When a PMem-aware application starts using a PMem file, it looks up the current dirty shutdown count and stores it in the header information for that file. Each time the file is opened, the current count is checked against the stored count to see if a dirty shutdown has happened. If one has happened, the application should consider the file in an unknown state. Applications may attempt to repair the file, but the most common action is to consider the file lost and to restore it from a redundant source such as a back up copy.
The PMDK libraries store and check the dirty shutdown count as described above and will refuse to open any pools that fail the check.
(Dynamic Random Access Memory)
DRAM is the traditional main memory connected to virtually all computers today.
Persistent memory can be made out of DRAM, which is exactly what the NVDIMM-N products on the market do. With NVDIMM-N, the PMem runs at DRAM speeds because it is actually DRAM, and when power is lost, the NVDIMM-N saves the data persistently on a NAND flash chip.
The comparison between NVDIMM-N and Intel’s Optane points out that whether or not a product is considered PMem is more about the programming model it provides, rather than which media type it uses to implement that model.
(Device Specific Method, _DSM)
ACPI defines the notion of a Device Specific Method, often written as _DSM, which allows the pre-boot environment to abstract away some hardware details and provide a uniform interface for the OS to call.
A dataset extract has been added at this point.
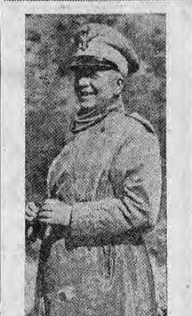
El mariscal Pietro Badoglio, nuevo comandante en jefe de las fuerzas italianas en el norte de Etiopía, en el momento que hacia su primera inspección del frente.

Con motivo de haber sido comprobada su participación en un movimiento revolucionario

The standard DSMs for NVDIMMs are described by the ACPI specification, available on the UEFI web site. In addition, Intel has published the DSM Interface for Optane (pdf).
eADR is the hardware feature that flushes stores from the CPU caches and memory controller write pending queues (WPQ) to their destination on power loss.
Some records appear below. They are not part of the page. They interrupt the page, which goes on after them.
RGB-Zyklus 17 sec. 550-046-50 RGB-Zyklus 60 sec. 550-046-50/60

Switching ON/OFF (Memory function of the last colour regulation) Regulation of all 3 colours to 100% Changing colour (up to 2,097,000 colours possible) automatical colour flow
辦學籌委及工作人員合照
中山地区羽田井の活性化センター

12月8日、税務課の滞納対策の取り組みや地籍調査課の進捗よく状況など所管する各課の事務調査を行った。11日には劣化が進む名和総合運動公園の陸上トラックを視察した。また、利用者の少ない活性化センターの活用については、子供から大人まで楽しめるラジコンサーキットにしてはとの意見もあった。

As shown in the above diagram, there are multiple places a store could reside on its way to a persistent memory DIMM. The lower dashed red box shows the ADR domain – stores that reach that domain are protected against power failure by ADR, which flushes the queues in the memory controller, shown as the trapezoid in the diagram. All Intel systems supporting persistent memory require ADR. The larger red dashed box in the diagram illustrates an optional platform feature, eADR, where the CPU caches are also flushed.
eADR uses stored energy to perform the flushes after power loss.
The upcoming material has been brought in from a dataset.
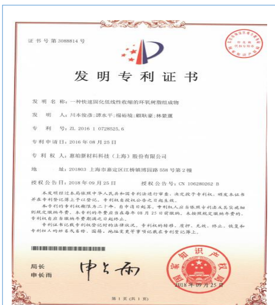
2018年9月，公司取得1项发明专利、3项实用新型专利证书。
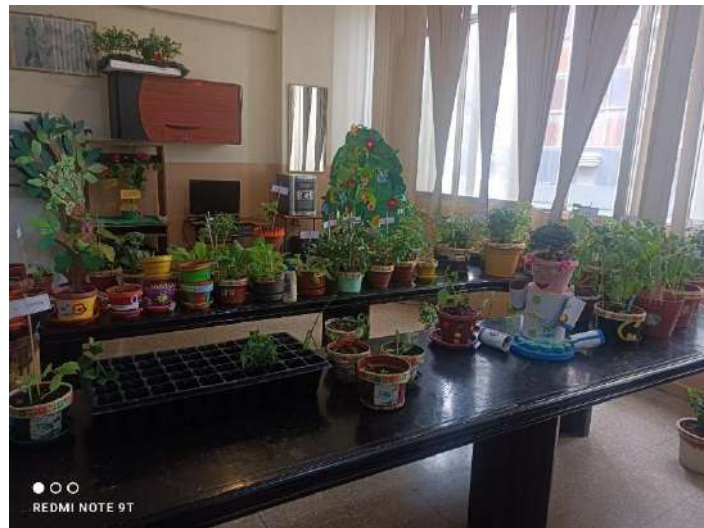
Figura 2 Preparación del Aula

Nota: El aula se convierte en un huerto dinámico, reflejando la fascinación por los dinosaurios.

The BIOS notifies the OS that CPU caches are considered persistent using a field in the NFIT table. In turn, the OS typically provides an interface for applications to discover whether they need to use cache flush instructions like CLWB or whether they can depend on the automatic flush on power failure provided by eADR. Using PMDK will allow an application to check for eADR automatically and skip cache flush instructions as appropriate.
The term fence refers to ordering instructions that programmers typically use to order operations to memory. For the Intel architecture, the intricate details of the fence instructions are described in the Software Development Manuals (SDM). For persistent memory programming, the SFENCE instruction is particularly interesting. The ordering properties of SFENCE are described by Intel’s SDM as follows:
The processor ensures that every store prior to SFENCE is globally visible before any store after SFENCE becomes globally visible.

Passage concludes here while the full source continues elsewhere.